Normalization as a service and how it's a preview of something less visible but more significant.
You've undoubtedly noticed it, maybe it's even starting to bother you a little. The bland, yellow-tinted cartoon-style drawings. The diagrams that look polished but say nothing. The LinkedIn carousel images that all seem to come from the same place. AI-generated visuals have a look now - technically competent, aesthetically flat, instantly forgettable.
Something tells me that the same thing is happening in software development. There's absolutely no doubt to me that tools like Claude are excellent for productivity. But what happens when some of the best coders in the world stop doing the boring tasks, stop thinking about novel ways to solve simple problems because an LLM can generate something just as good in a fraction of the time?
I recognize this from my own work - I no longer do certain things, because I now have a better tool. At the same time, I find that I genuinely learn more complex things faster, because when you make an effort, LLMs are great at making somewhat complicated things easier and faster to grasp. It's a trade-off I'm still trying to fully understand.
This normalization has visibly become part of creative work, and invisibly, but vocally with tools like Claude or Codex. One thing I haven't seen discussed much, however, is that I believe the same dynamic extends to business decisions, strategy, even how we think about problems. When everyone has access to the same AI assistants, trained on the same data, suggesting the same frameworks - do we end up with more options, or have to act on the same insights?
One way that the normalization is vocal is displayed in a new kind of AI-posting I've seen on LinkedIn, where I'd categorize people posting in two categories: 1) those out of a job proving their AI competences, 2) people with impressive titles trying to justify them in an AI-first world. Both tend to complicate systems like Claude - displaying how many agents they run, or a complex system they set up. There's certainly lots of complexity to dive into but, at least to me, these posts are somewhat missing the point. AI is seen as a big liberator, democratizing things like coding, yet many seemingly want to make it feel less accessible to their readers. It makes me think of Pike's fourth rule of programming: unnecessary complexity leads to more errors, which seems to rhyme with how I've previously described AI agents as a powerful but narrow technology.
Speaking of LinkedIn - given that you made it this far into my post, I imagine you spend some time there, and I have no doubt you've started to notice a pattern in what the algorithm shows you. Posts that feel interchangeable. Insights that could have come from just about anyone.
AI can certainly be good for creativity or your ability to learn. But I also think that the access it offers and barriers it removes make us lazy and complacent.

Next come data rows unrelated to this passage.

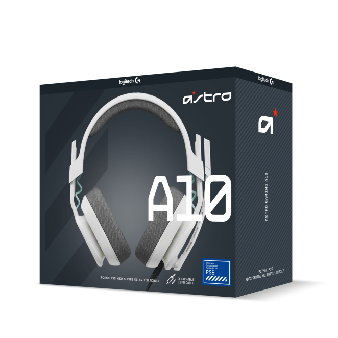 Auriculares ASTRO Gaming A10, alámbricos con diadema, color blanco, SKU 939-002064
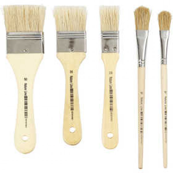 Assortiment d'excellents pinceaux plats pour vernis à poils de porc et manche court en bois. Set de 5 tailles, 2 pièces de chaque.
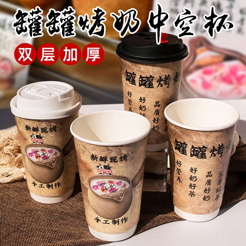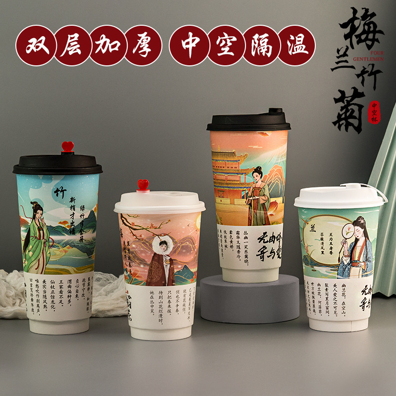 90使い捨てコーヒーミルクティー紙コップ二重中空厚い国風ネット赤商用ミルクティー店コーヒーカップ

Whether you are a musician, a painter, a designer, or a coder - some of the novelty comes from the lack of access, from overcoming barriers, from learning, from doing the hard things that others won't - daring to be different, letting your unique experience and gathered skills shine through.
One kind of post I admittedly find some joy in is when people share how they are replacing an expensive subscription with a tool they have now been able to create in-house. I recently read a post where the author (sorry, I didn't note down who!) went into detail about how they vibe coded an app that does the same as a subscription they were paying for. Only, their in-house version was better tailored to their specific needs. What I genuinely liked was the reflection being displayed, stating that they'd need somewhere between 35-40 hours to actually code, test, and integrate the app, but that time investment felt worth it to them. Genuine knowledge sharing and reflection on possibilities is something I often find gets lost in the uncertain times of AI, but that I try to contribute to myself, and really enjoy reading from others.
Another place normalization is happening is with Google's Stitch. You describe the UI you want - speak it, even - and it generates it in a Figma-like interface with production-ready code. While the tools not quite living up to the hyperbolic language used in the announcement, some UI/UX designers are jokingly calling it the start of a dark age for their profession. It made me think about what I've previously commented on: the next big step in AI not being better models, but how they are used.
I think tools like this promise a strange and almost dim future, where interfaces are generated through the same model, optimized for the same notion of "what works". The average quality of interfaces rises, but at the expense of the oddities at the edges. The weird, distinctive choices that made certain products memorable start to disappear.
I fear that if we are not careful about how we use these powerful tools we all of a sudden have access to, those sparks of creativity and joy might disappear. The edges get rounded off, standardized, instead of being something we have to confront.
My thesis is that more creation does not necessarily mean more novelty, we might slowly be ending up with a million variations of the same thing - technically of a higher average quality but harder to distinguish.
This won't just happen to creative fields, but slowly bleed into all facets of business and society. Maybe true differentiation now comes from where AI can't easily reach. Whatever remains distinctly human in taste, judgment, and the willingness to be wrong will be the edge compared to who has the better prompts.